Alors que la journaliste demandant un droit de réponse lui proposait de citer les modes de calculs de ce chiffre exorbitant, il a continué par  "C'est très simple, il suffit de lire son livre. Vous verrez les détails". 

Pourquoi cette indifférence des grands médias ?  

Comment un politologue peut-il dire dans une chronique sur FranceInfo que ce fut un "Match nul sur la forme donc". L'objet de la politique n'est-il plus d'instaurer des rapports harmonieux dans la cité ? Le choix de l'angle doit-il éjecter les personnes en présence ? 
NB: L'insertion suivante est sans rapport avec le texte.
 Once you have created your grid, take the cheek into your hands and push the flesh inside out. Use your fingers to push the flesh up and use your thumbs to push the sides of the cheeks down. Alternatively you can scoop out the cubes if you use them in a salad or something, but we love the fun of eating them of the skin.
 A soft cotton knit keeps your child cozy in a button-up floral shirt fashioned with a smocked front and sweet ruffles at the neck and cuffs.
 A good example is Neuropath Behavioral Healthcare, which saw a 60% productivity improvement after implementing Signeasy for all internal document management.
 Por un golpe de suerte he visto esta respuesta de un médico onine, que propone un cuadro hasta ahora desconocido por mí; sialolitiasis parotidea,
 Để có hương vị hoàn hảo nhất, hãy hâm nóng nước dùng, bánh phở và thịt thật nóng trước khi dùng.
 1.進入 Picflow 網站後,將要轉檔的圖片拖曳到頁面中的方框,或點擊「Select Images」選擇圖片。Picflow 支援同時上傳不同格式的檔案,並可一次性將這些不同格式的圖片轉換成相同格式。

Faut-il voir dans ce statu quo une forme d'auto-destruction des journalistes par leur mépris pour certains d'entre eux qu'ils ne considèrent pas comme des leurs étant donné leur appartenance à une chaine d'infos en continue généralement dépréciée en tant qu'objet médiatique ?

La plupart des autres titres se contentent de chercher un gagnant et de renvoyer dos à dos les deux personnages sans vraiment s'engager ni dans la dénonciation ni dans l'approbation, se contentant de discréditer ou accréditer quelques unes de leurs citations et se rangeant plus ou moins explicitement aux côtés de l'un ou l'autre. 
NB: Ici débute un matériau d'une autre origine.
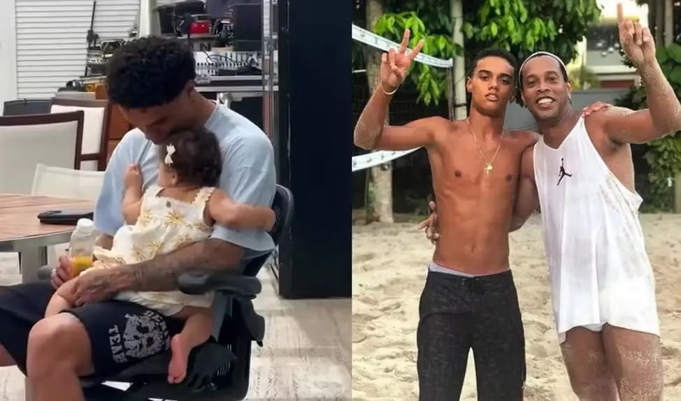 Pelo menos foi isso que ele demonstrou em um vídeo foférrimo que fez neste sábado (18), e postou em suas redes sociais. Nele, Ronaldinho registrou o filho, João Mendes, cuidando da filha dele, Teresa, com a influencer Giovanna Buscacio.
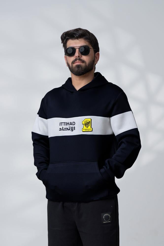 هودي أنيق وعصري باللون الأزرق مع شريط أبيض يتوسطه شعار نادي الهلال، مصنوع من خامات مريحة وعالية الجودة لتوفير الراحة والأناقة لمحبي النادي. يتميز بتصميم كلاسيكي مع قبعة للرأس وجيب أمامي، مما يجعله مثالياً للاستخدام اليومي ولإظهار دعمك لفريق الهلال.
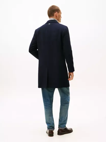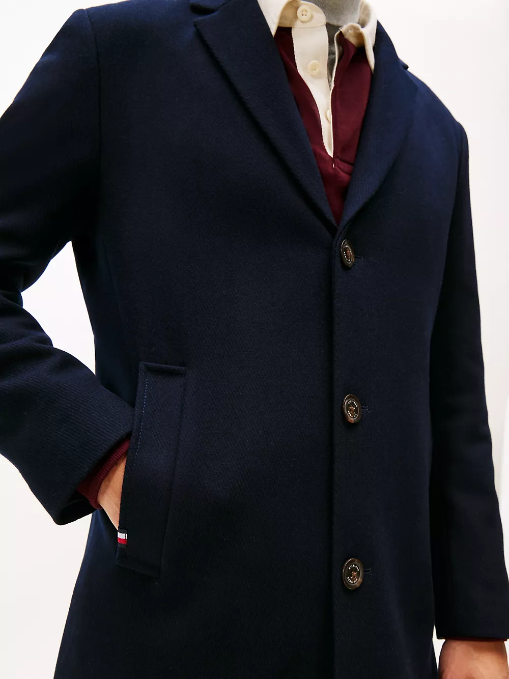 Tommy Hilfiger men's coat. Casual yet polished, our coat transitions from weekday to weekend wear with ease. Made from a warm wool blend, this timeless style will live in your wardrobe for years.
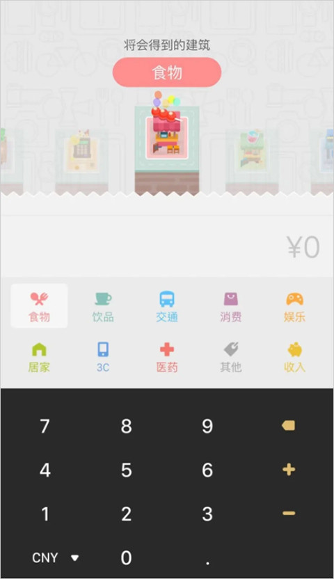 1、在本站免费下载记账城市官方正版,就可以打开软件啦,点击进入开始记账,这里有许多的支出条目,有效避免了你记录支出来由的麻烦,只需要简单分个类就可以了,这对于每一种可能的支出,比如食物、饮品、交通等等都有着与之对应的建筑。
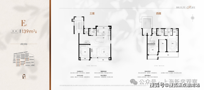 132–139㎡精奢上叠:南向面宽约9.2米,首层LDKB一体化设计 + 超大U型厨房,顶层配备超9米全景三露台,可打造空中花园或观景茶室,总价区间860–910万元
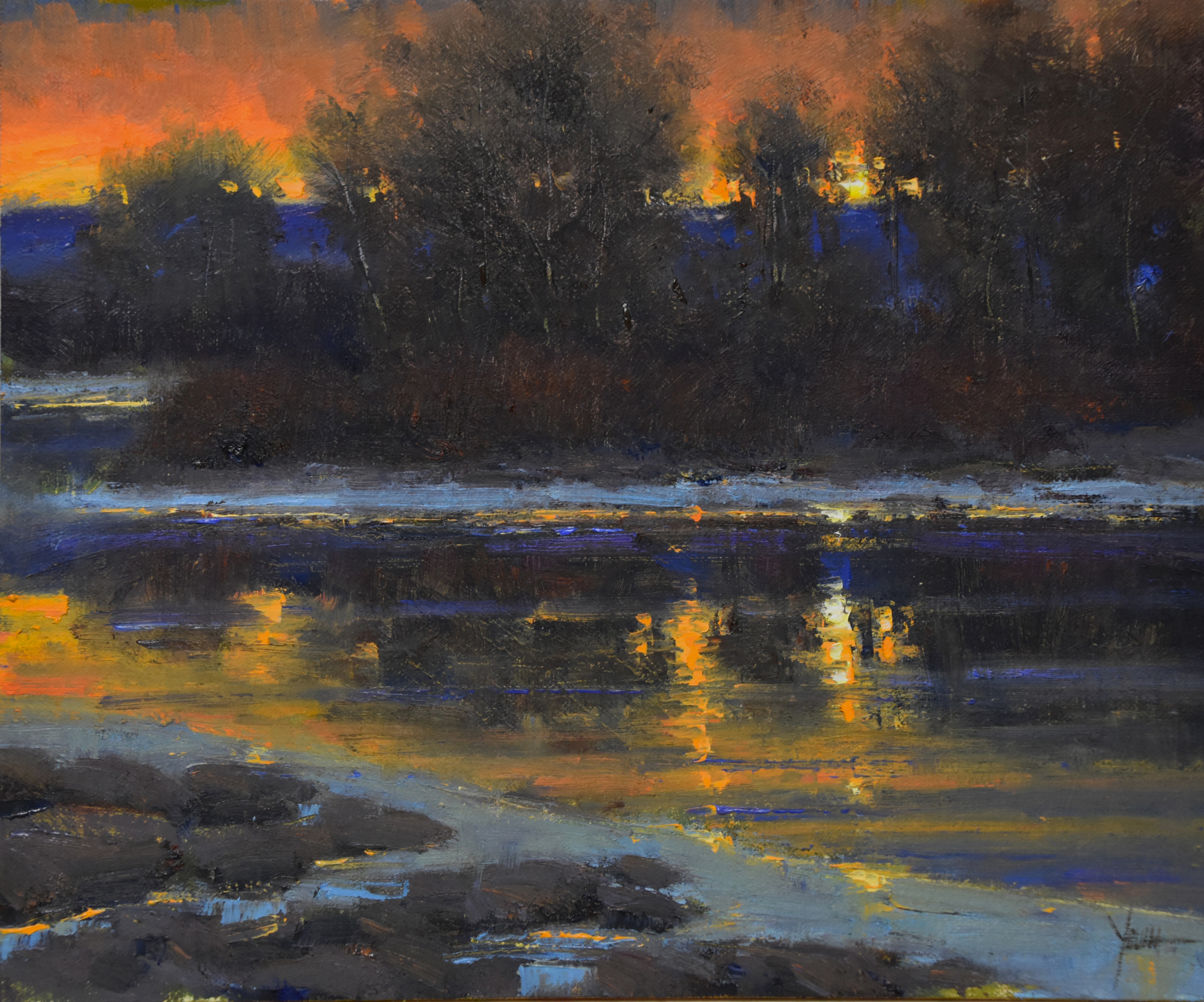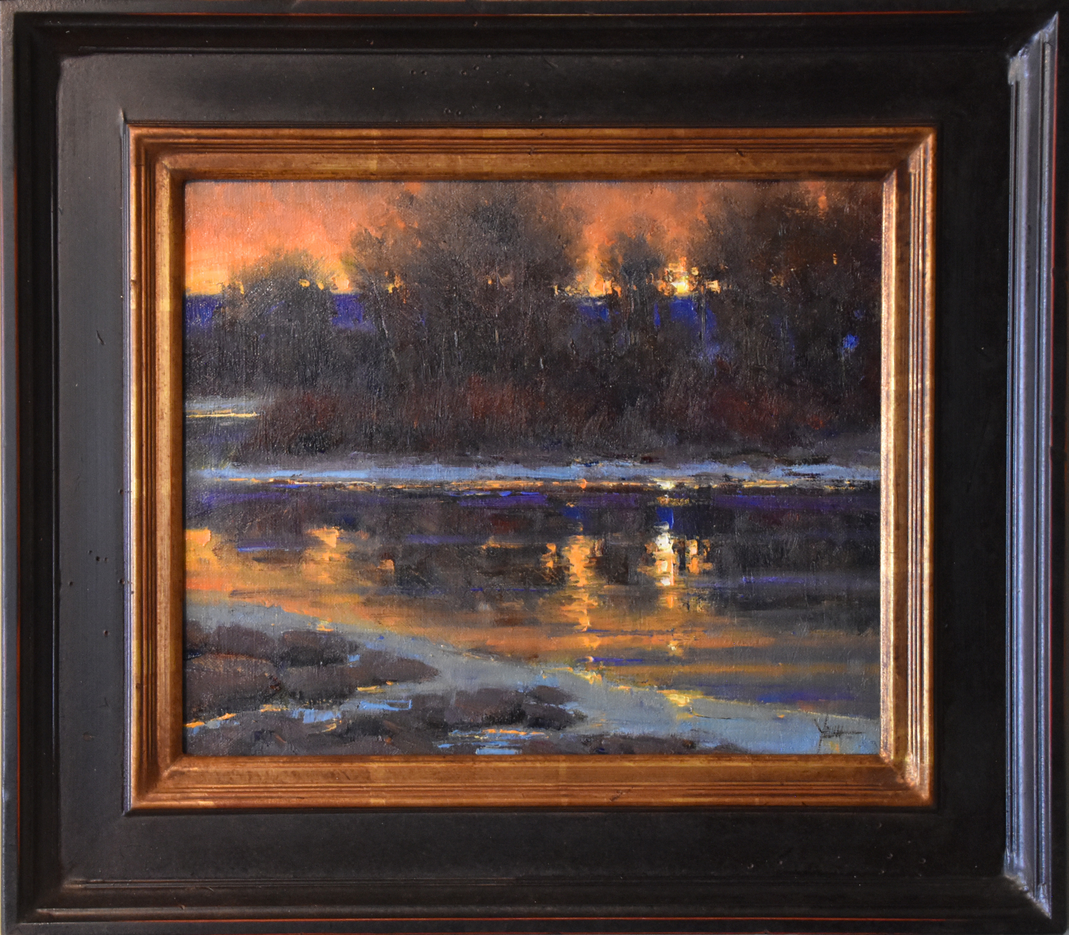 “This painting is a side channel of the Colorado River near my studio. I have seen many a sunrise in this location. Wintertime is a favorite time of year to explore this area. The channel changes daily as it freezes and thaws with the fluctuating temperatures. There are new painting design ideas everyday.” Dan Young

Dans Marianne on n'hésite pas à écrire que "la soirée n'a pas été avare en enseignements, épisodiquement interrompus par quelques inutiles séquences de fact-checking." Inutile non plus de compter sur Marianne pour tenter de comprendre ce que Mélenchon veut dire par créolisation :  En revanche, si les projets de Zemmour sont éminemment critiquables, ils sont plus clairs que les démonstrations de l'Insoumis sur la « créolisation », concept introduit pour la campagne présidentielle dont on peine toujours à cerner les implication. Quant à la conclusion elle est clairement partisane : Outre son image dégradée, Jean-Luc Mélenchon traîne également deux boulets à ses pieds : son opposition bornée au nucléaire, ainsi que la défense d'une « créolisation » nébuleuse et présentée comme inéluctable.
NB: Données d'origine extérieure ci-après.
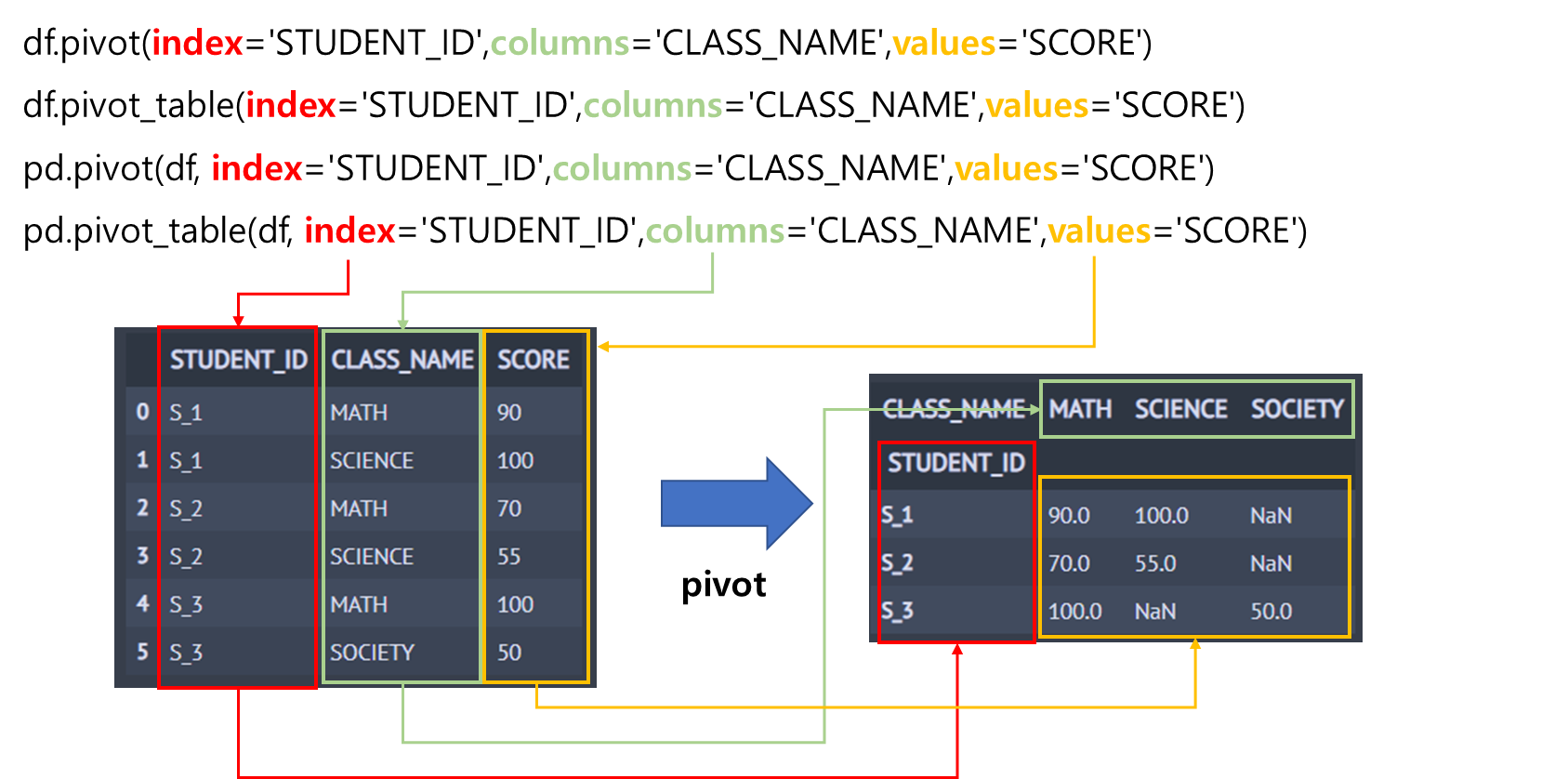 아래 그림은 pivot 또는 pivot_table 메서드를 이용한 데이터 재구조화 결과를 나타낸 것입니다. pivot 또는 pivot_table 메서드는 기본적으로 index, columns, values 3개의 인자를 가지며 각 인자에는 칼럼명을 전달합니다. index로 지정된 칼럼은 해당 칼럼에 대응하는 유니크한 값(조합)들이 인덱스로 바뀝니다(빨간색 선, 박스). columns로 지정된 칼럼은 해당 칼럼에 대응하는 유니크한 값(조합)의 개수만큼 새로운 칼럼들이 만들어집니다(연두색 선, 박스). values로 지정된 칼럼은 앞서 만들어진 index와 columns에 대응하는 값으로 셀에 채워지게 됩니다(주황색 선, 박스). 이때 대응되는 값이 없으면 NaN으로 채워집니다.

Mieux vaut, pour comprendre ce concept de créolisation, lire Le Monde qui présente clairement et honnêtement les deux protagonistes comme le candidat de La France insoumise et le polémiste d’extrême droite. : M. Mélenchon a vanté « la créolisation de la France ». Pour lui, « nous sommes le pays qui pratique depuis le plus longtemps une forme de créolisation assumée, c’est-à-dire la création d’une culture commune de gens qui se trouvent au même endroit »

Si ce débat était sans grande surprise, son traitement médiatique nous donne une idée de ce qui pourrait nous attendre dans les mois à venir : une indifférence quasi-totale au respect des personnes, une tolérance 10 000 à la vision cauchemardesque de la France que marteau-pilonne une caricature de journaliste égocentré, la tête branlante, en boucle sur ses obsessions, agressif par ses incapacités à modifier sa vision du réel, et à qui l'on ne barre la route que très mollement.